TRY IT:
Pictures aside, can you reproduce the records word for word?

:::::

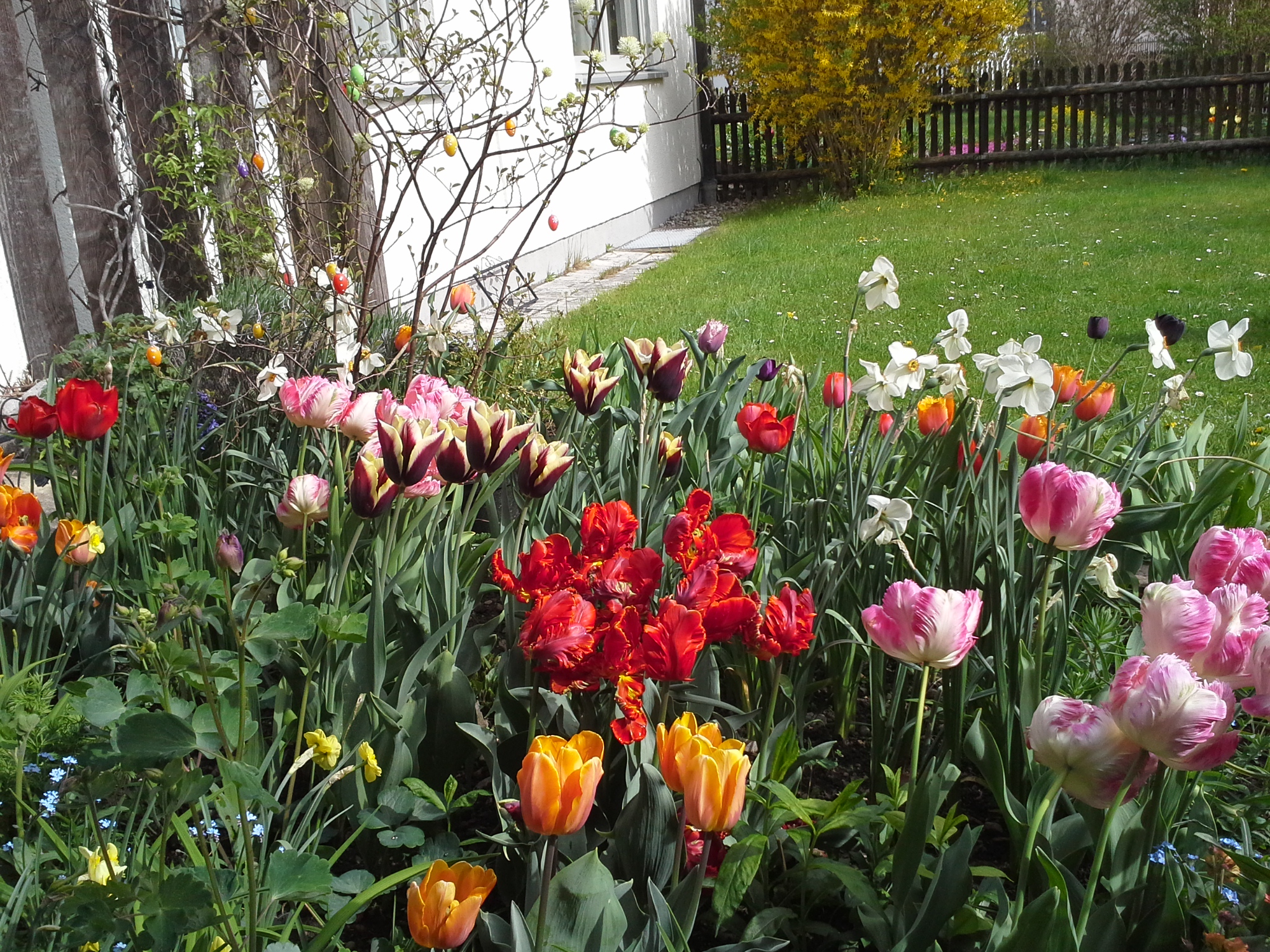 Hey Daylily! Die Sorte, wo du "kleinblütig gefüllt Mix" drunter stehen hast heißt "Brydal Crown". Die sind schön. Ich habe mir dieses Jahr auch eine Schale davon gekauft. Leider halten sich Osterglocken bei uns nicht. Das liegt wohl am Boden. Früher war hier Moor. Bei meinen Eltern, die nur etwa 4 km von uns weg wohnen, wachsen & blühen die wie doof & versamen sich auch überall hin. Dabei haben die reinen "Karnickelsand", der sehr schnell austrocknet & z.B. einen Gemüsegarten zur vergeblichen Liebesmüh macht. Aber Osterglocken scheinen das zu mögen.
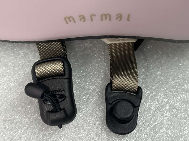近づけるとぱちっとはまって、外す際はバックル部の紐を引っ張ると簡単に外れます。
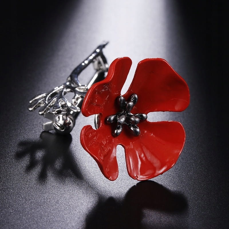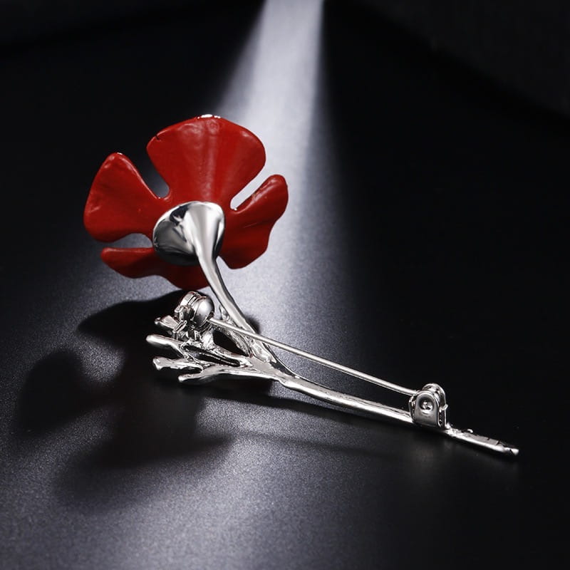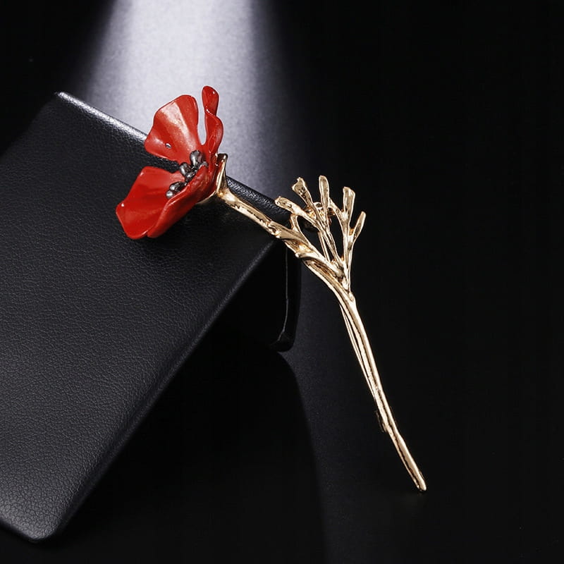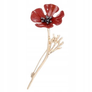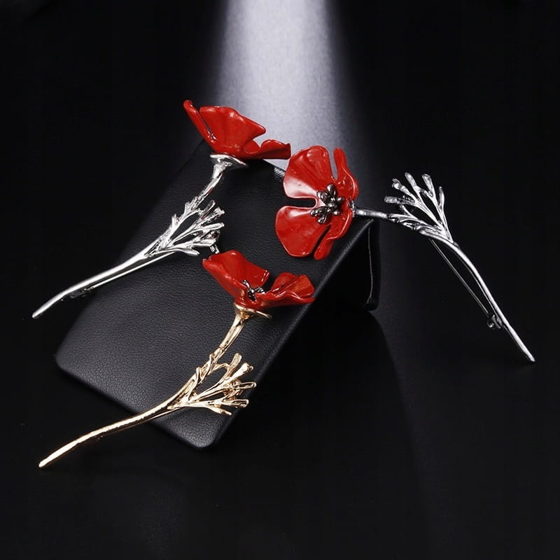 Przecudna broszka z motywem kwiatka maku z cyrkoniami.
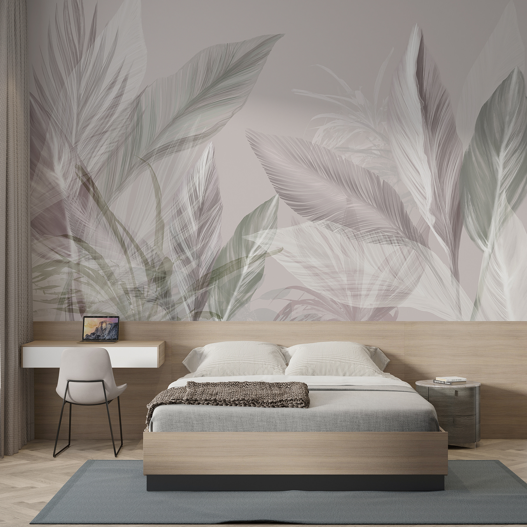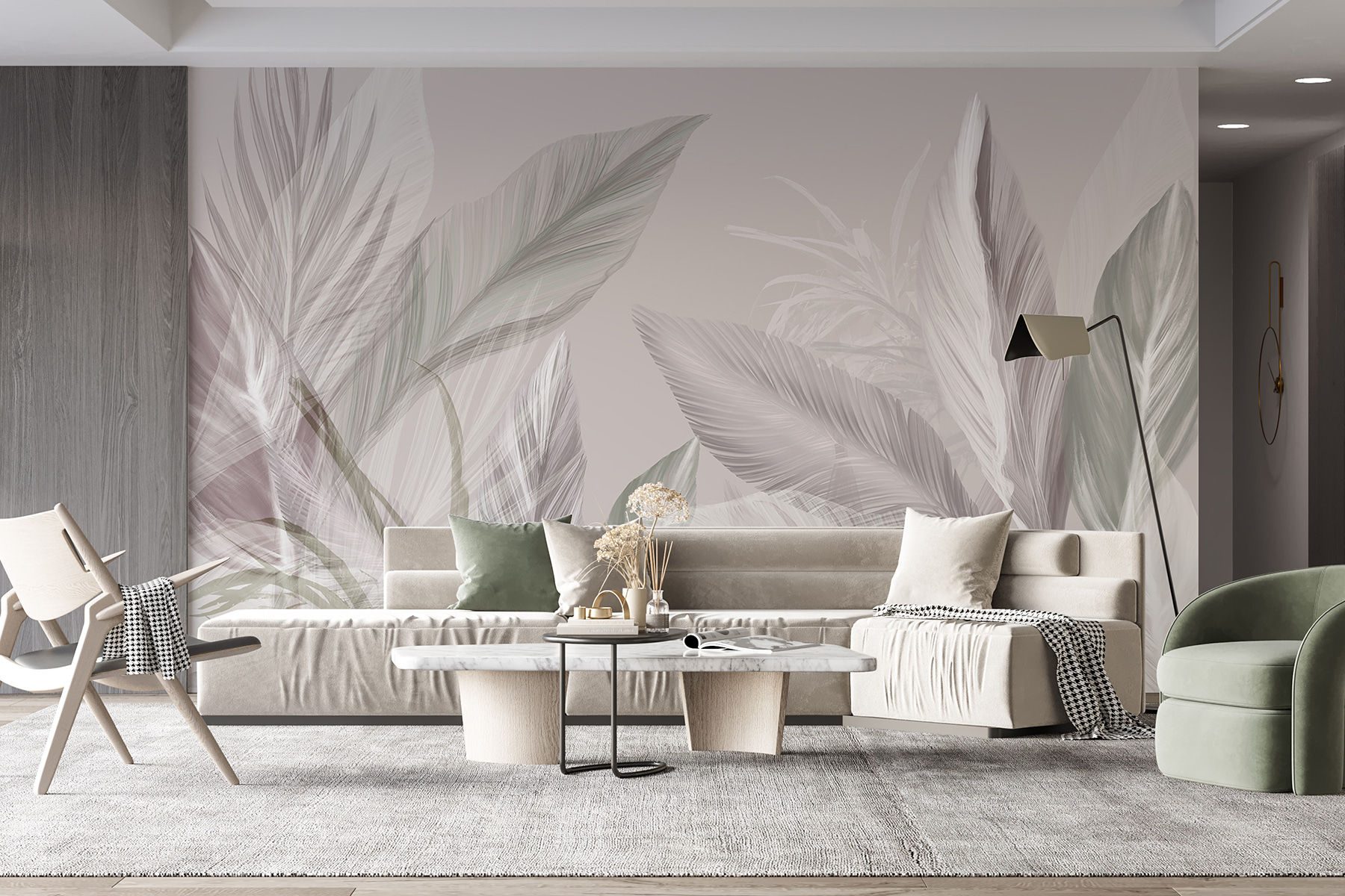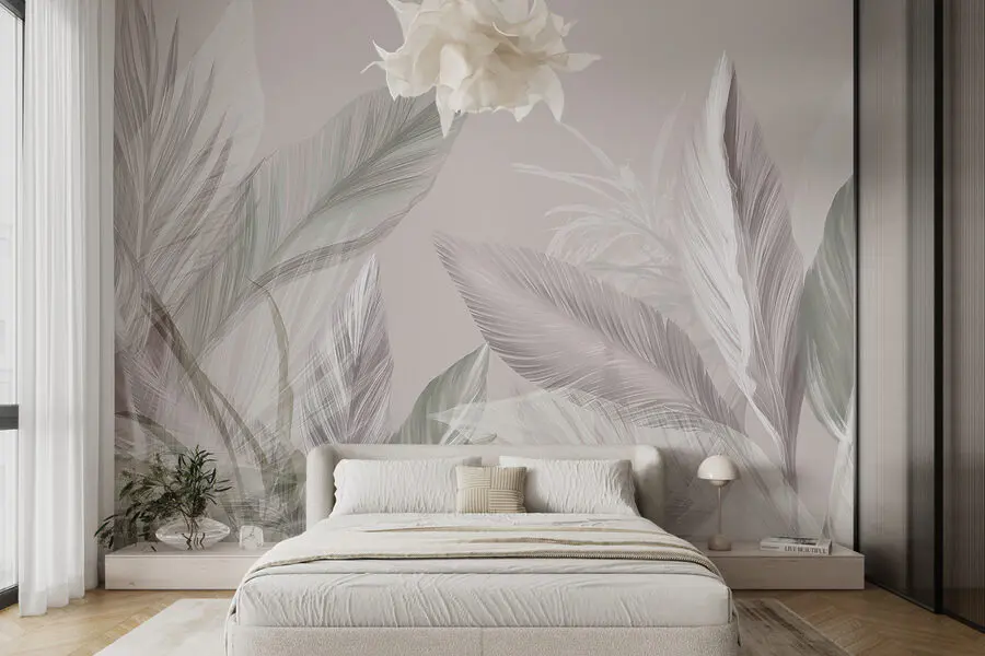 Verwandeln Sie jeden Raum in eine ruhige Oase mit “Ethereal Whispers in Soft Hues”. Diese Fototapete vereint mühelos gedeckte Farben und zartes Blattwerk und schafft so eine heitere Atmosphäre, die Entspannung verheißt. Stellen Sie sich vor, Sie machen es sich mit einem Buch in einem Raum gemütlich, der mit diesen zarten Blättern geschmückt ist – es ist, als ob Sie von der Natur selbst umarmt werden. Perfekt für gemütliche Abende oder spontane Tanzpartys im Wohnzimmer. Das ist nicht nur Dekoration, sondern ein Erlebnis, das Ihre Gäste glauben lässt, dass Ihr Zuhause direkt aus einem Design-Magazin stammt. Also los, lassen Sie diese beruhigenden Farbtöne Leben in Ihre Wände bringen!
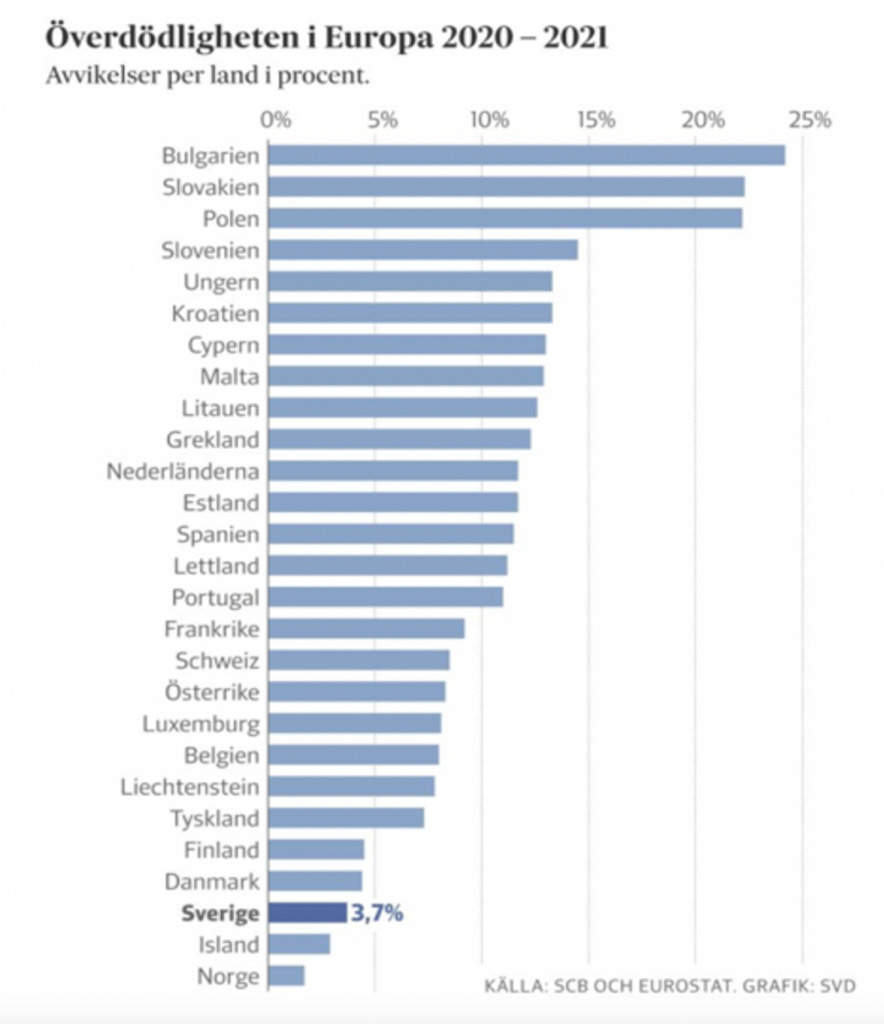 The below figure shows excess mortality (överdödligheten) in Europe in % by country in 2020 and 2021 with the country that dared never close schools, Sweden (Sverige), ending up near the bottom, above only Norway and Iceland.
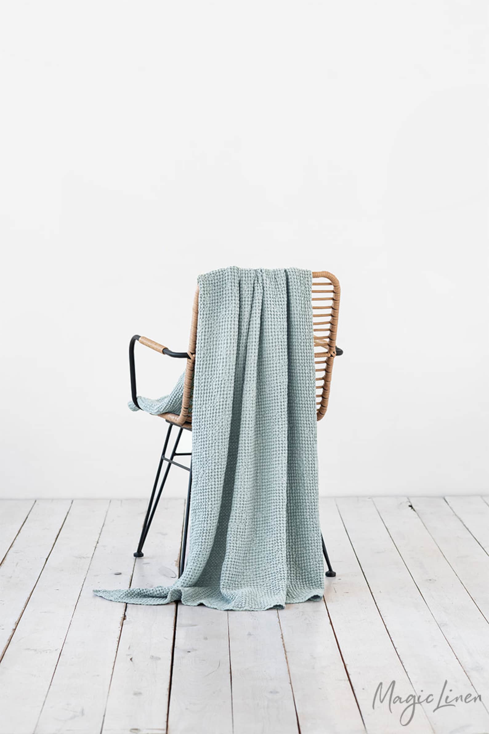 Cozy Haven Waffle-Weave Linen Throw in Serene Dusty Blue
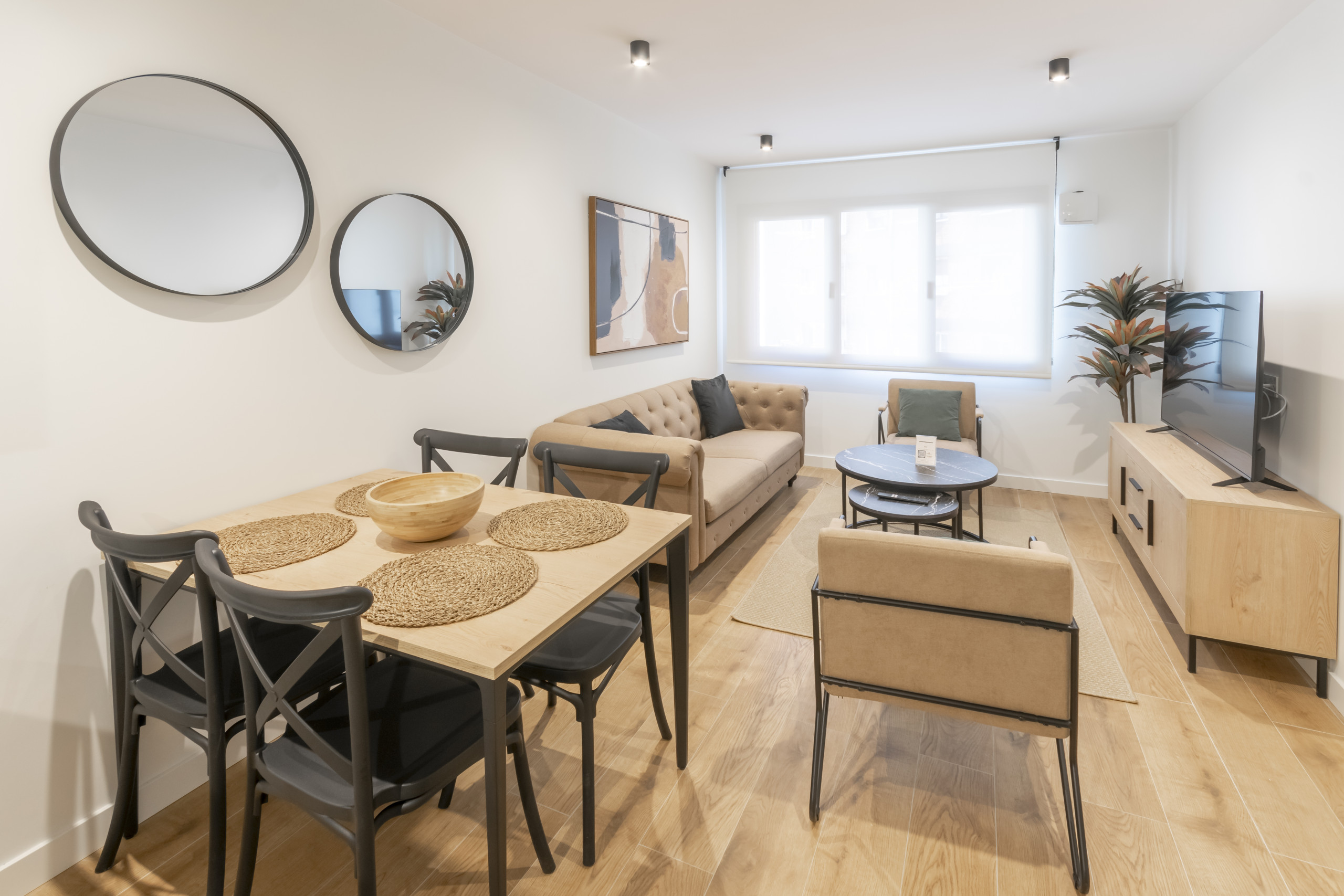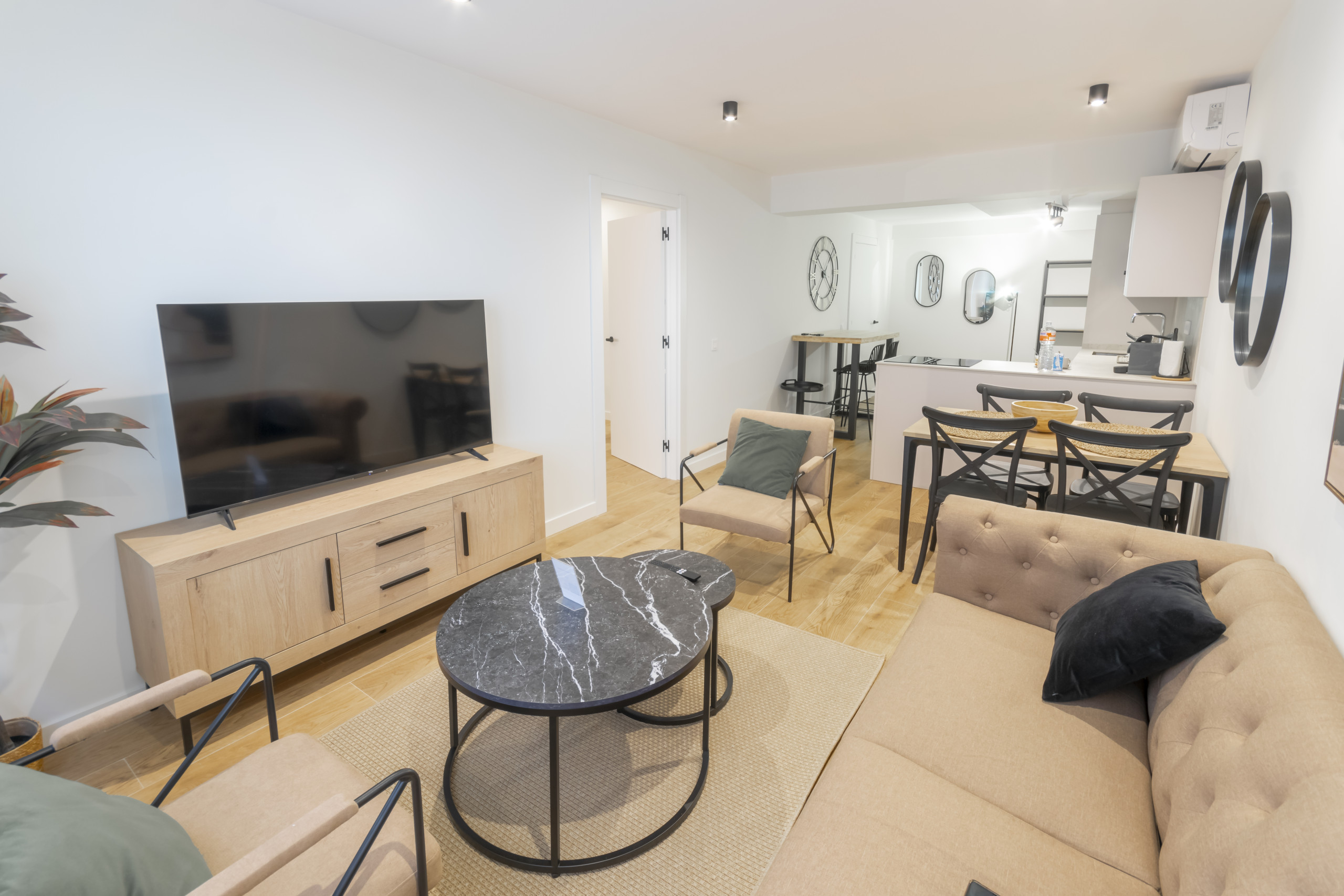 Salón-Comedor: Un salón elegante y funcional, perfecto para relajarse en el cómodo sofá (no es sofá cama) y disfrutar de la Smart TV.
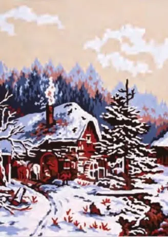 Biała kanwa z nadrukowanym wzorem. Do kanwy dołączona jest informacja z potrzebną kolorystyką muliny i jej ilością w poszczególnych kolorach.
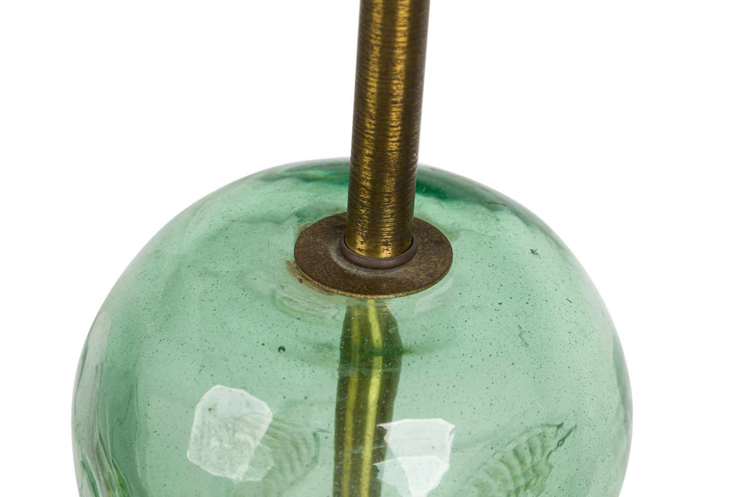Mid-Century Italian Fallen Leaf handblown green glass table lamp in organic gourd form, connected to a brass stem and functioning cupped light switch socket, with an Art Nouveau-styled transparent body featuring an interior all-over leaf pattern. (BAROVIER ET TOSO)(Similar piece: DUL0026).

:::::

RESULT OF THIS EXERCISE:
 Hey Daylily! Die Sorte, wo du "kleinblütig gefüllt Mix" drunter stehen hast heißt "Brydal Crown". Die sind schön. Ich habe mir dieses Jahr auch eine Schale davon gekauft. Leider halten sich Osterglocken bei uns nicht. Das liegt wohl am Boden. Früher war hier Moor. Bei meinen Eltern, die nur etwa 4 km von uns weg wohnen, wachsen & blühen die wie doof & versamen sich auch überall hin. Dabei haben die reinen "Karnickelsand", der sehr schnell austrocknet & z.B. einen Gemüsegarten zur vergeblichen Liebesmüh macht. Aber Osterglocken scheinen das zu mögen.
近づけるとぱちっとはまって、外す際はバックル部の紐を引っ張ると簡単に外れます。
 Przecudna broszka z motywem kwiatka maku z cyrkoniami.
 Verwandeln Sie jeden Raum in eine ruhige Oase mit “Ethereal Whispers in Soft Hues”. Diese Fototapete vereint mühelos gedeckte Farben und zartes Blattwerk und schafft so eine heitere Atmosphäre, die Entspannung verheißt. Stellen Sie sich vor, Sie machen es sich mit einem Buch in einem Raum gemütlich, der mit diesen zarten Blättern geschmückt ist – es ist, als ob Sie von der Natur selbst umarmt werden. Perfekt für gemütliche Abende oder spontane Tanzpartys im Wohnzimmer. Das ist nicht nur Dekoration, sondern ein Erlebnis, das Ihre Gäste glauben lässt, dass Ihr Zuhause direkt aus einem Design-Magazin stammt. Also los, lassen Sie diese beruhigenden Farbtöne Leben in Ihre Wände bringen!
 The below figure shows excess mortality (överdödligheten) in Europe in % by country in 2020 and 2021 with the country that dared never close schools, Sweden (Sverige), ending up near the bottom, above only Norway and Iceland.
 Cozy Haven Waffle-Weave Linen Throw in Serene Dusty Blue
 Salón-Comedor: Un salón elegante y funcional, perfecto para relajarse en el cómodo sofá (no es sofá cama) y disfrutar de la Smart TV.
 Biała kanwa z nadrukowanym wzorem. Do kanwy dołączona jest informacja z potrzebną kolorystyką muliny i jej ilością w poszczególnych kolorach.
Mid-Century Italian Fallen Leaf handblown green glass table lamp in organic gourd form, connected to a brass stem and functioning cupped light switch socket, with an Art Nouveau-styled transparent body featuring an interior all-over leaf pattern. (BAROVIER ET TOSO)(Similar piece: DUL0026).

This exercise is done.